New product launch | Managed Airflow is now generally available. Learn more →

From Elasticsearch to ClickHouse: solving performance challenges in text analysis

Highlights

Achieved sub-second aggregations, down from 8 seconds in Elastic.

Cluster costs were reduced by 60%.

Overview

Recently, our team received a challenging task from a client. The AdTech player was facing the need to analyze a vast amount of social media and web posts, along with the requirement for fast aggregation of all the results. This required processing a large volume of text within tight timelines. Additionally, their product demanded the ability to perform real-time generation of Ads suggestions. To achieve this, it was crucial to analyze the massive amount of textual information as quickly as possible in order to build further recommendations.

The problem

Initially, the client had been using Elasticsearch (ES) for text processing and analytics, as is commonly done by many organizations. However, as the volume of the text increased, they encountered performance issues. Queries were taking too long, reaching up to 10 seconds, which did not meet their requirements.

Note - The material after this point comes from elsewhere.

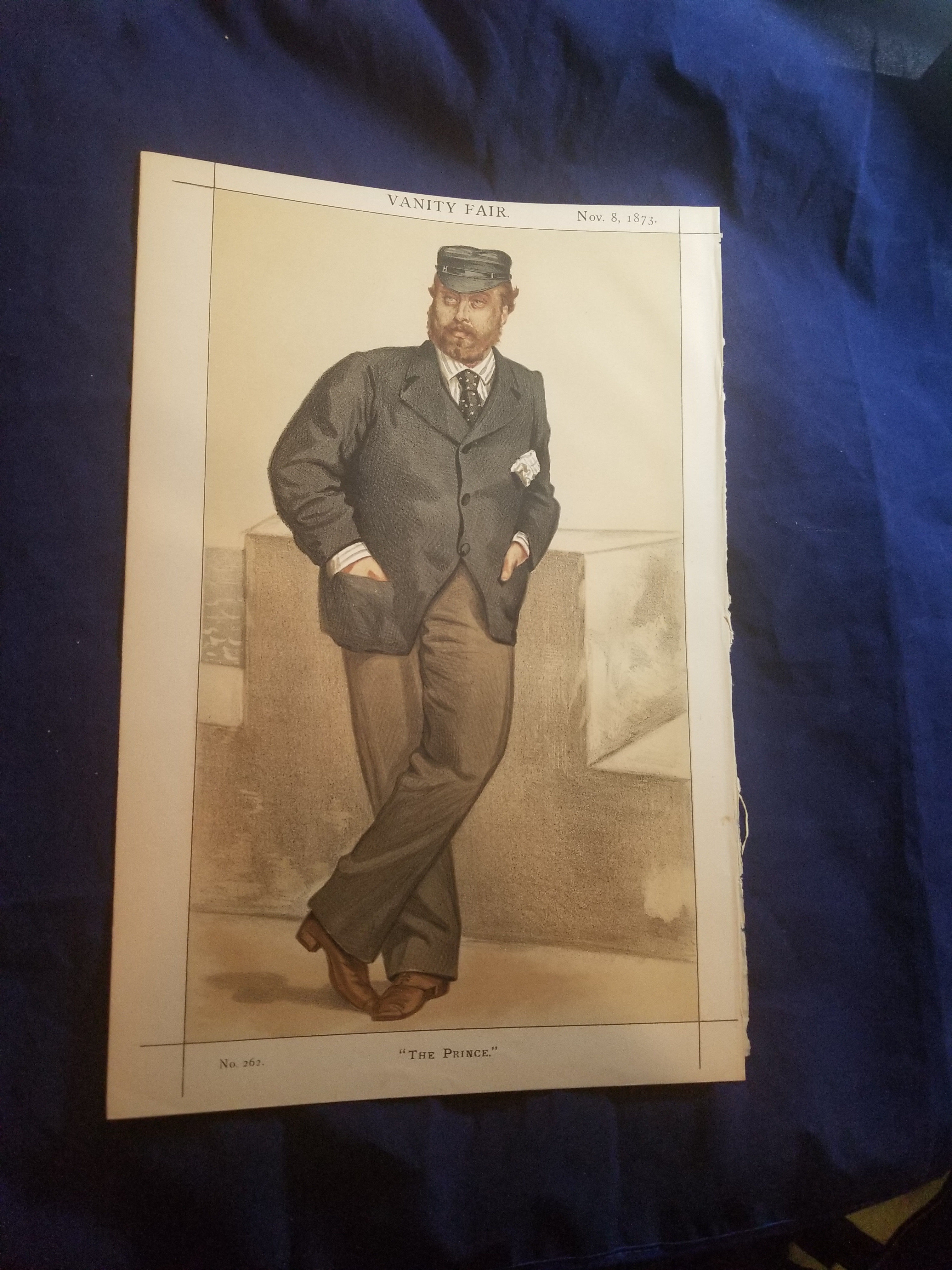 Small folio (13"x 9"), illustration, in color, No 262, Description page included. Normal aging and browning, top margin trimmed a bit, but not affecting image or text.; otherwise very good. Vanity Fair was founded by Thomas Gibson Bowles (AKA Jehu Junior) in 1868. The first issue appeared in 1869, and this magazine would continue through 1913. Bowles wrote much of the humorous and racy commentary in the early years. Despite presenting humorous caricatures of people, along with gossip about them, most people seemed to be flattered to be selected to be in Vanity Fair. This illustration is of Albert Edward, later to become Edward The VII (1841-1910). Edward was Queen Victoria's son and would become king in 1901 upon her death. The illustration shows a confident and robust Edward. DNB.

In their search for a solution, the client discovered ClickHouse®, a column-oriented database specifically designed for handling enormous data volumes with high performance and low latency. However, ClickHouse lacked built-in text processing capabilities that were available in Elasticsearch.

That’s when they reached out to DoubleCloud, seeking assistance in adapting ClickHouse to their specific case of text data processing.

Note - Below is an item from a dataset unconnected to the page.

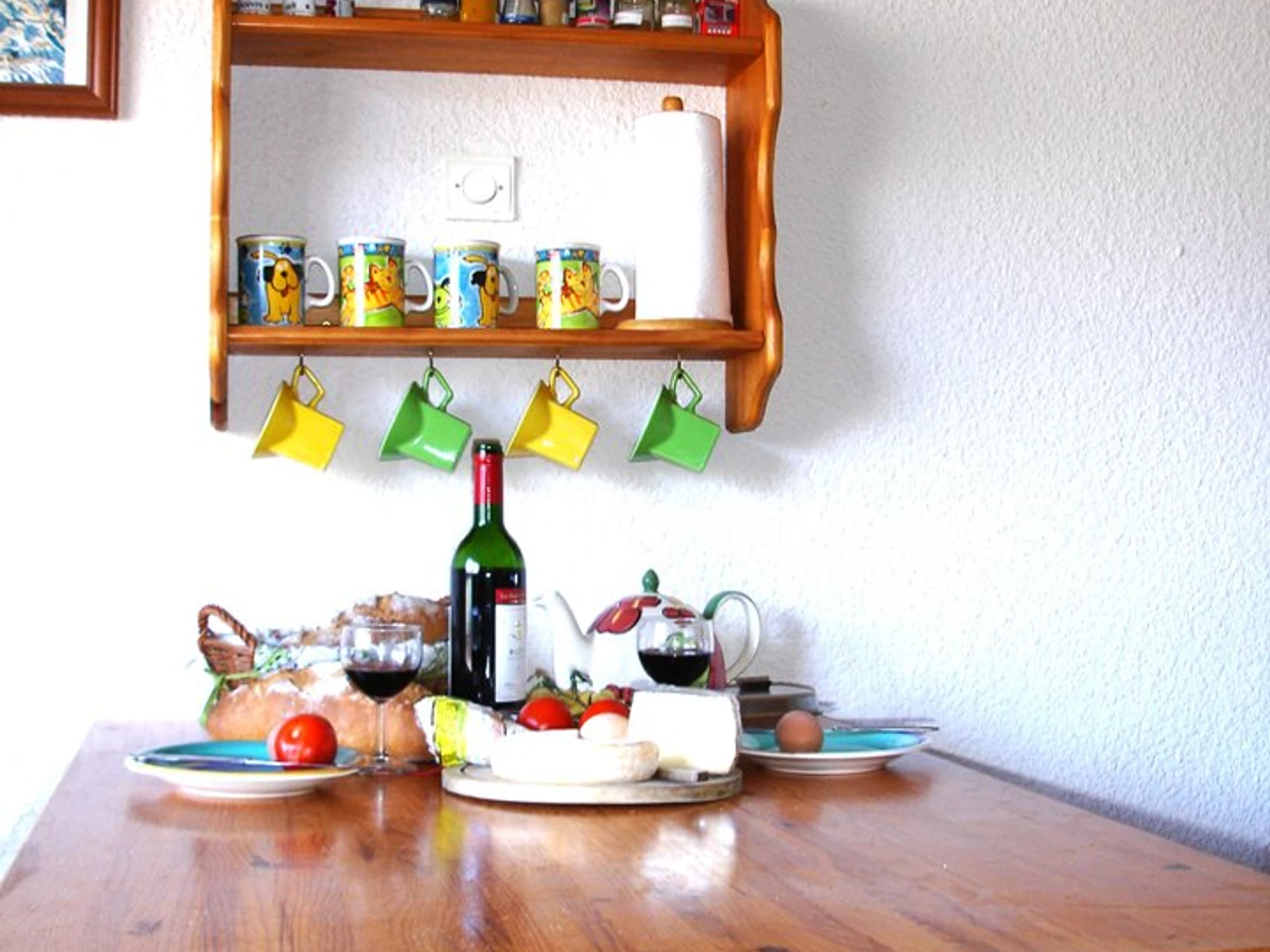 - un coin repas avec une table, 2 bancs et 2 tabourets. Cet espace donne sur un balcon exposé Est offrant une très belle vue sur les montagnes

Architecture of the solution

The client had initially set up a robust infrastructure for their needs. They built an Elasticsearch cluster consisting of 10 nodes, each equipped with 16 cores and 64GB of RAM.

The intention was to leverage the power of the Elasticsearch cluster for text processing tasks and then extract a set of post IDs to be utilized for aggregation purposes in the ClickHouse cluster.

For the ClickHouse setup on DoubleCloud, they deployed a single node with 16 cores and 64GB of RAM, and they began their testing phase.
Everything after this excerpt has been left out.